Salaries in India to grow 9.4 pc on average in 2018, finds Aon Hewitt's annual survey
This is the second year in a row that average pay hikes will be under 10 percent. Organisations are realigning their HR budgets to better reward key performers.
India Inc is estimated to see an average salary hike of 9.4 percent in 2018. This is nearly the same as 2017, when companies doled out an average pay hike of 9.3 percent, revealed HR consultancy Aon Hewitt in its annual Salary Increase Survey. Key performers will be rewarded more with an average hike of 15.4 percent, it said.

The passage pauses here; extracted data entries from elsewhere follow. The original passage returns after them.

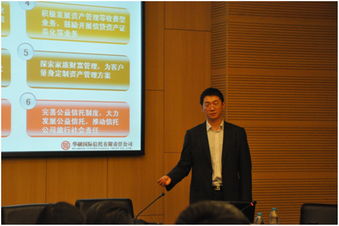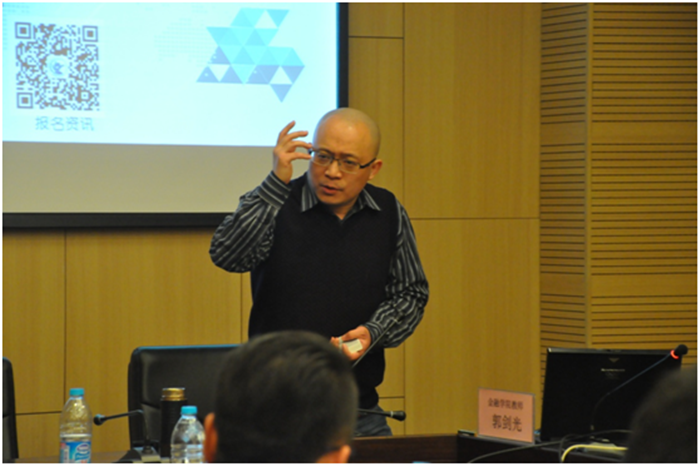 之后业界导师张鹏和公司教师郭剑光分别为大家带来了两次精彩的授课,主题分别是“中国信托行业:创新的源泉VS风险的温床”和“衍生品与投资风险管理”。张鹏老师详细介绍了信托行业的创新与风险,并结合本公司的实际数据展开分析。紧接着,郭剑光老师运用概率论等相关专业知识,对如何在期货、期权交易中进行合理定价,规避投资风险进行理论性讲解,之后运用一副扑克牌进行模拟交易演习。大家纷纷参与进来,活动的热烈气氛达到高潮。这两堂课旨在给大家展示金融专业在职研修班的授课质量,分别让大家初步了解校内老师和业界老师的授课方式与授课水平。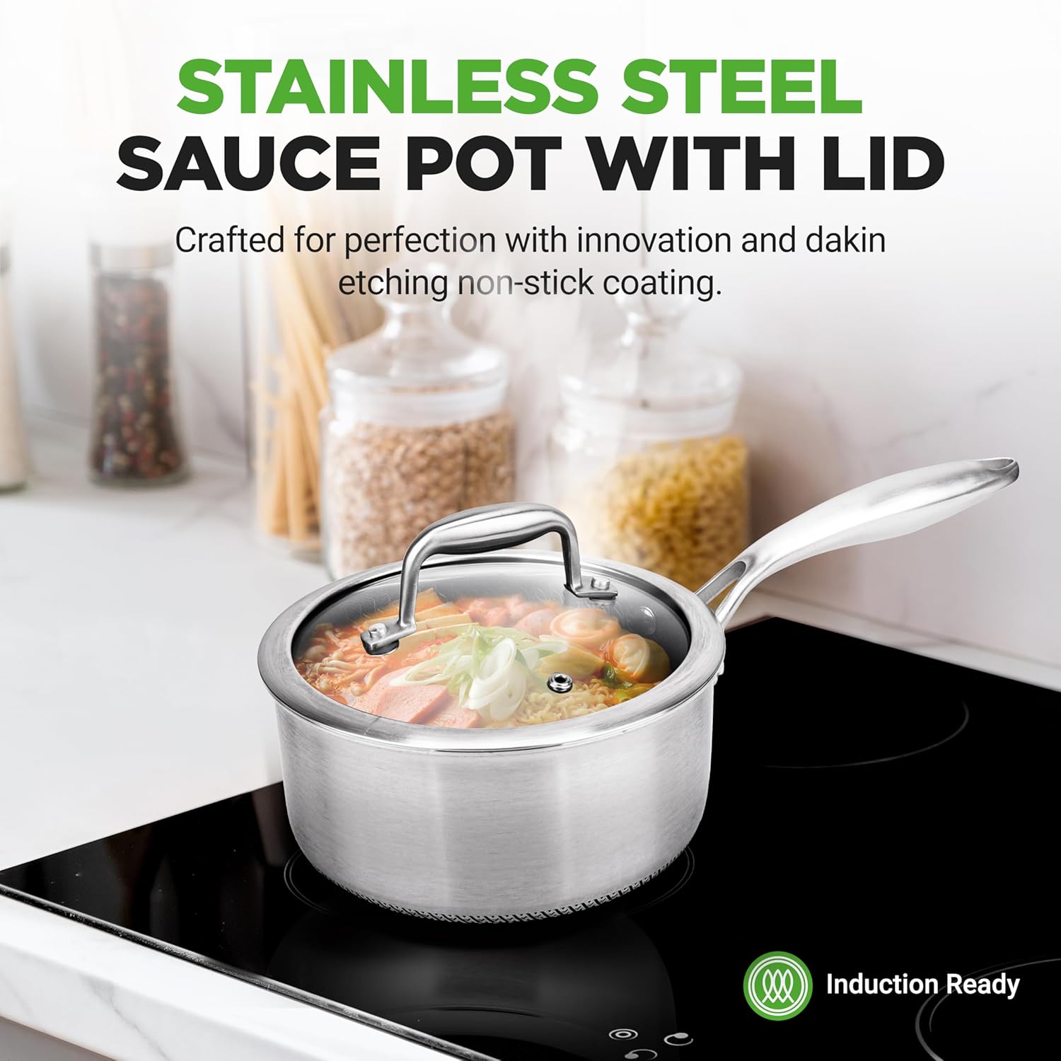 NutriChef 2 QT Stainless Steel Sauce Pot - Triply Kitchenware Sauce Pot with Glass Lid - DAKIN Etching Non-Stick Coating, Scratch-resistant Raised-up Honeycomb Fire Textured Pattern - NutriChef NC3PSP
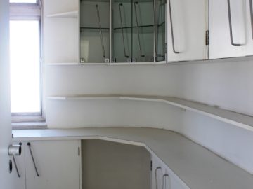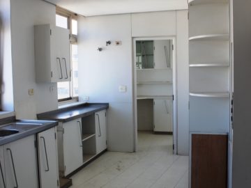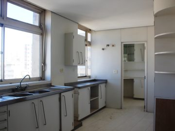 Cozinha ampla com duas pias, armários embutidos e espaço para fogão, 2 geladeiras, micro-ondas, forno elétrico e máquina de lavar-louças; além de ter elevador de comidas/pratos, que conecta com o bar do 19º andar);

Aon Hewitt surveyed over 1,000 companies across 20 countries, and India topped projections in the Asia-Pacific region. Other APAC nations viz. China (6.7 percent), Philippines (5.8 percent), Malaysia (5.1 percent), Singapore (4 percent), Australia (3.2 percent) and Japan (2.5 percent) ranked below India.

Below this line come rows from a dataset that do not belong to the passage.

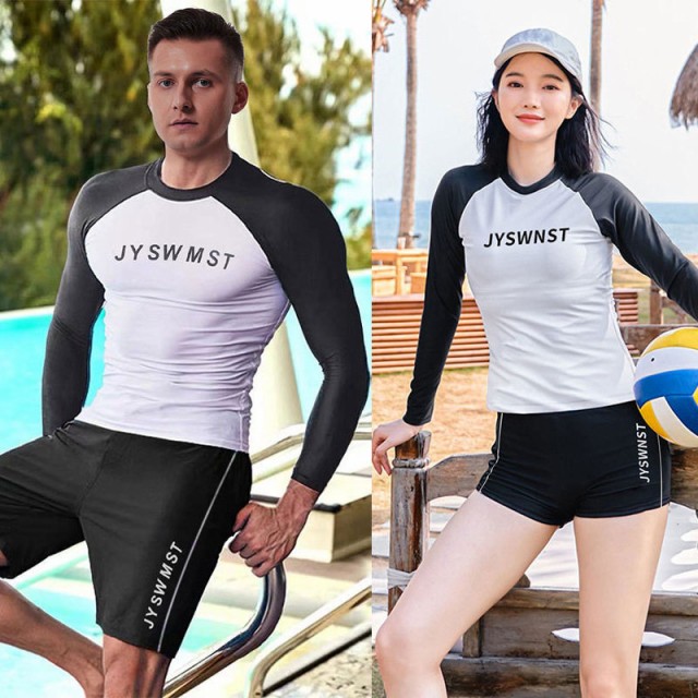 【ポイント5倍!】水着セット レディース メンズ ラッシュガード 日焼け防止 カップル水着 ペアルック 上下セット スポーツ 半ズボン フィットネス セパレート プール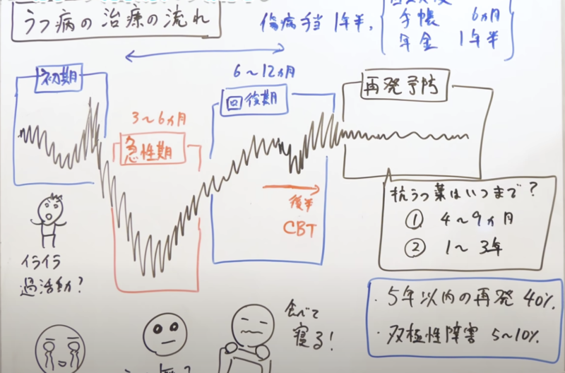 うつ病の回復・治療の流れは上記の動画がわかりやすい。動画を一部スクリーンショットさせてもらうと、下記のような流れですね。
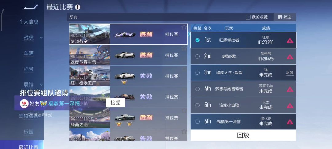你游外桂检测也是牛b了,车神局排到飞行员#王牌竞速

This is the second year in a row that average pay hikes will be under 10 percent.
But, the incentive for good performance is sharper than ever before with compensation structures getting more and more “nuanced”. Companies are now “becoming more cautious” in recognising and remunerating their key talent, according to Aon.

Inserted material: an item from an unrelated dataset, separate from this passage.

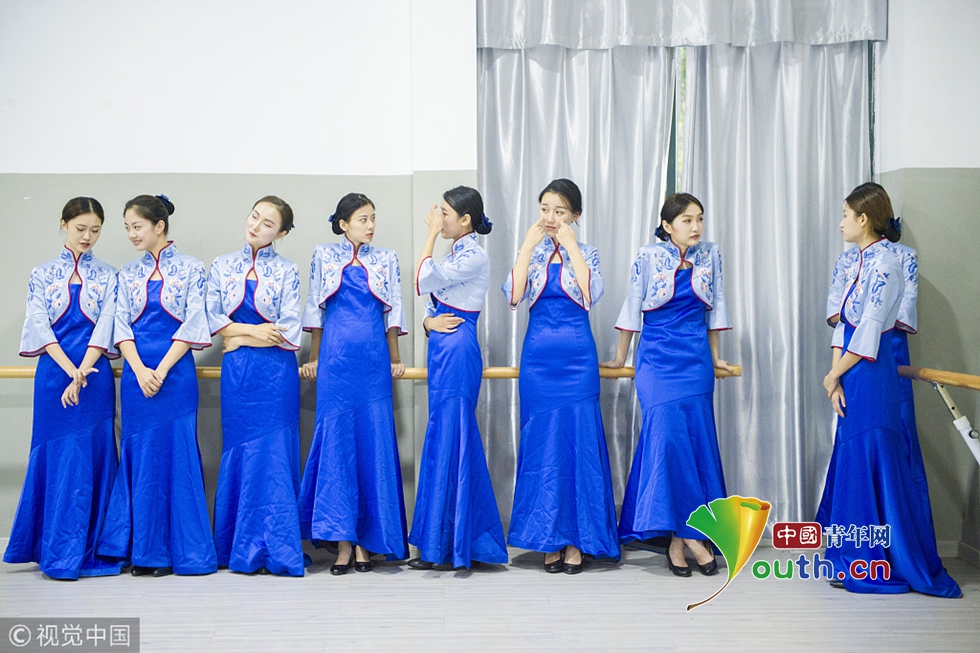 來(lái)自浙江傳媒學(xué)院的禮儀志愿者們正在進(jìn)行緊張有序的集中訓(xùn)練。圖片作者:浙江日?qǐng)?bào) 馮賀/視覺中國(guó)

Anandorup Ghose, Partner at Aon India Consulting, said: “We are increasingly seeing a multitude of factors impacting salary increases such as the size of the company, business dynamics within the sub-industry, nature of talent requirements and quite obviously, performance… HR budgets are being realigned towards top performers as opposed to the broader population.”
Sectors such as professional services, consumer internet companies, life sciences, automotive and consumer products will be the biggest gainers with double-digit salary hikes projected in 2018.
Professional services firms, which were swarmed with orders in the post-GST regime, will dole out the biggest pay hikes at 10.7 percent. Auto firms are projected to pay their employees 10.4 percent more. Meanwhile, IT/ITeS firms will offer their staff 9.7 percent more.
Sectors with the lowest projected hikes include travel and hospitality (8.9 percent), engineering design (8.8 percent), BFSI (8.6 percent), and transportation and logistics (8.6 percent).
The positive though has been the reduced rate of attrition in Indian companies. Attrition is down to 15.9 percent from 18.5 percent in 2013 and above 20 percent in the last decade.
India, meanwhile, witnesses the highest inflation-adjusted salary increase in the world. But, not all countries account for inflation.
Chris Kelly, Directors - Survey Product Management, Aon Hewitt, said: “Salary increases for many workers around the world for the past several years have not kept up with inflation. In 2018, the amount of wage growth that companies have projected should result in increased purchasing power for employees in 80 percent of the countries where we are reporting data.”